Hurricane Sandy | Hurricane Matthew |
3,632,625 tweets | 1,017,795 tweets |
Determining the home locations of users requires a two stage clustering approach, spatially and then temporally. The first step uses the DBScan clustering algorithm to cluster all of the tweets for a single user.
Here are a user’s tweets on Manhattan before and after clustering
DBScan is chosen because it does not require a predetermined numbrer of clusters and allows for null clusters. (There are not clusters for EVERY point). Many users have single sporadic points (like tweeting from a bus route).
More geographic clusters on average during October. This could imply more movement.
Binning by time, we can separate the tweets into these 12 bins. The times highlighted in red here represent times where the users are likely to be at home.
Identifying the spatial cluster with the most activity during the likely home times yields the likely home location for a user.
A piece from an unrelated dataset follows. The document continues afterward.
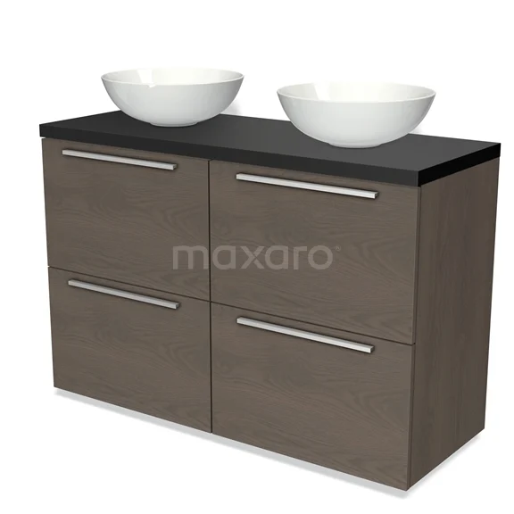 Modulo Plato Badmöbel mit Aufsatzwaschbecken | 120 cm Dunkelbraune Eiche Flach front Matt Schwarz blatt 4 hohe Schubladen

Users are considered geographically vulnerable if the home location falls within an area known to be geographically at risk, an evacuation zone, for example.
Once a user is considered geographically vulnerable, we pull their full contextual streams (and then re-run them through the clustering methods)
Individual users are written to single geojson files which are then loaded into our qualitative investigation tool. The tweets are shown on the left while the user’s movement path is shown on the right. Clicking on a specific tweet allows you to see the tweet content.
Using this framework, we go through each user by hand and classify them as shelter-in-place or evacuated.